Reasons …. Who Needs Reasons?

Notwithstanding the considerable amount of the Parliamentary time currently being spent on Brexit, the Secretary of State for Housing, Communities and Local Government has still found space to issue a Written Ministerial Statement (WMS) on 26 March 2019 in which he announced that he will no longer give reasons for calling-in or declining to call-in planning applications. A copy of the statement can be found here.

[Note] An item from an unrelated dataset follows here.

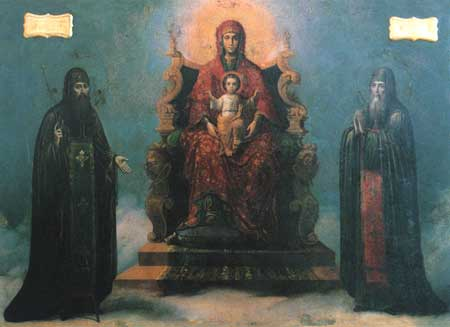 Saint Basil and Theodore, martyrs, monks of Kyiv Caves monastery, Ukraine. Died martyr death in 1098.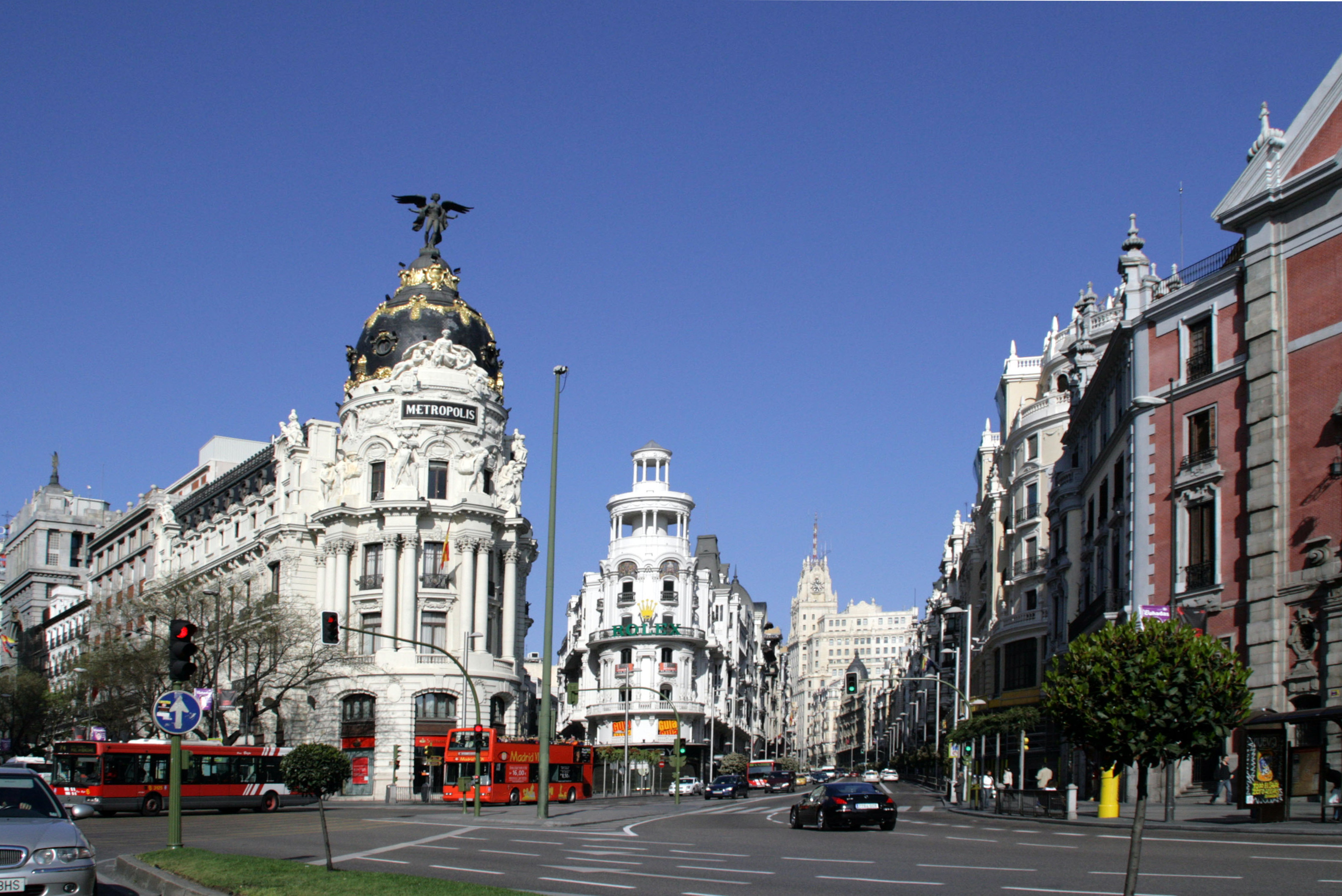 View from Calle de Alcalá (street) in Madrid (Spain). Left: Metropolis Building (1911). Centre: beginning of Gran Vía (street). Right: St. Joseph's Church.

Regardless of upon which side of the planning fence you sit, this is unlikely to be welcome news. But, perhaps the Minister had something else in mind …

Theirs not to reason why,

Theirs but to do and die

Alfred, Lord Tennyson – The Charge of the Light Brigade

The power to call-in planning applications under s77 Town and Country Planning Act 1990 gives the Secretary of State a wide discretion in his decision-making. In 2001, the then Government announced that it would give reasons for decisions to call-in or not to call-in planning applications “in the interests of transparency, good administration and best practice”. This practice was confirmed in March 2010 and no change was made when the policy criteria for calling-in was amended by WMS in October 2012.

The latest WMS is the, perhaps not entirely unexpected, fall-out from the case of Save Britain’s Heritage v Secretary of Statement for Communities and Local Government and others [2018] EWCA Civ 2137 in which Save successfully argued that under existing policy ministers were obliged to give reasons when they decline to call in planning applications. The Secretary of State’s position was that, at some unknown date early in 2014, a decision had been taken not to give reasons for decisions declining to call in an application and that, since then, such decision letters have been issued without giving reasons. Even leaving aside that this change in policy was not communicated to the wider public, it transpired that no-nobody in the Department recalled or had in mind the unequivocal promise made in 2001 (and repeated in 2010) – it had been forgotten.

Transparency, good administration and best practice be damned.